Huge.  Can I just end this post there?  Steel Force is in Dorney Park (Allentown, PA).   It has been with Dorney Park since 1997, and is an absolute staple.  You can’t really skip it when you go to the park.  This big, ominous, steel structure just pulls you in begging you to ride it.

No, seriously.

When I first went on Steel Force, I was pretty intimidated.  I mean, this thing is beyond enormous.  The first drop is 205 feet. JEEEEZ.   The track may look tame with just a bunch of airtime hills, but it’s the longest coaster on the East Coast to this day at 5,600 feet long.  Plus, the logo for the coaster is pretty creepy.

The dude who trained the Teenage Mutant Ninja Turtles?

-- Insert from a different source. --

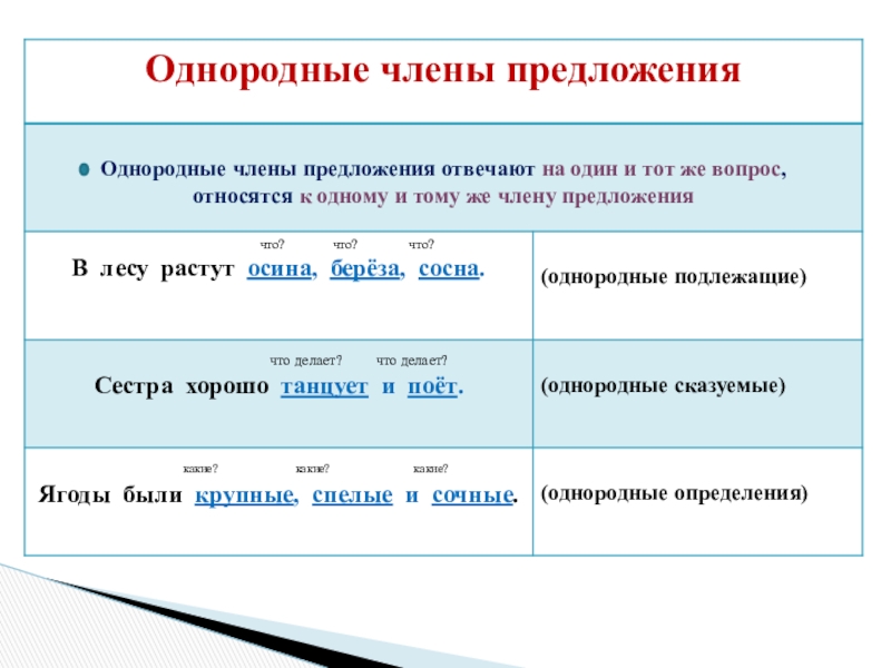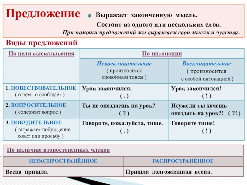 - Предложение (главные и второстепенные члены предложения; однородные члены предложения)
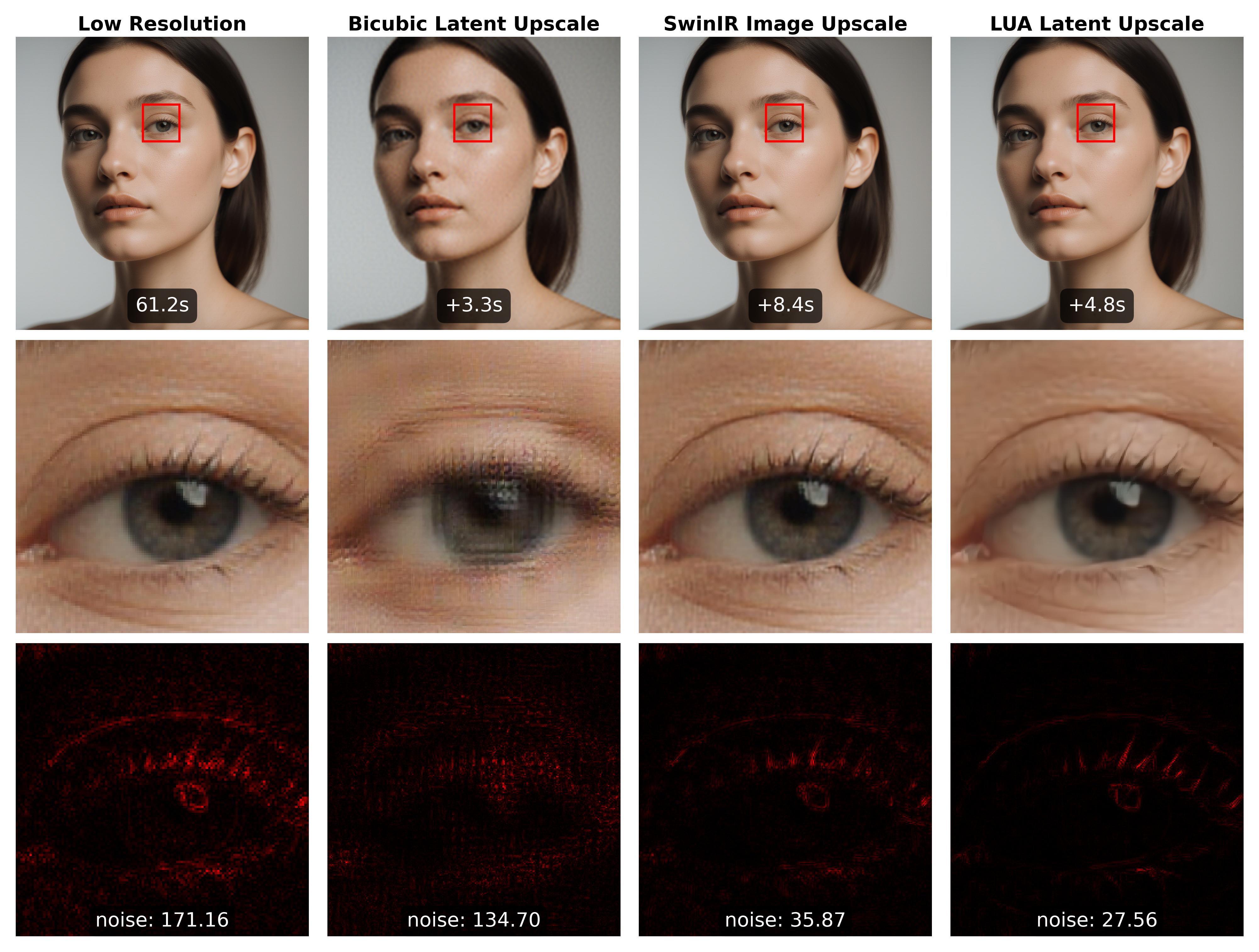 We show that high-res synthesis can be done by upscaling in latent space instead of pixels, keeping a single final decode. This preserves quality while cutting latency and works across scales.

Traditional train, with a standard lap-bar seating two across.  Standard for Dorney Park.  After taking 70 years to get to the top of the lifthill, your heart starts pounding.  How are you going to survive this drop?  Riders experience 2.5 G’s just from this one drop.  While sitting in the front row (as you always should)  looking down the hill, there’s a tunnel you have to go through.  How the heck are you NOT going to get your head chopped off?  In fact, thinking back, there were numerous times I was in fear of decapitation on Steel Force.  After two huge lifts and drops, you go through a 510 degree helix turn which just means you’re turning right for what feels like an eternity and you’re being slammed into the person next to you.  LOVE IT.  After the helix, you go through a bunch of little airtime hills which are just hills flying up and down with no need for a lifthill, you know.  The hills that give you the willies.  HEH.  And then the ride is done.  I think the best part may be looking at it from the ground and seeing the true size of it.  I don’t know what’s more intimidating, being on the top of the hill about to fly to the ground or looking at it from the ground realizing you’ll be up there soon.

This POV doesn’t even bother filming the lifthill.  It’d just take eons.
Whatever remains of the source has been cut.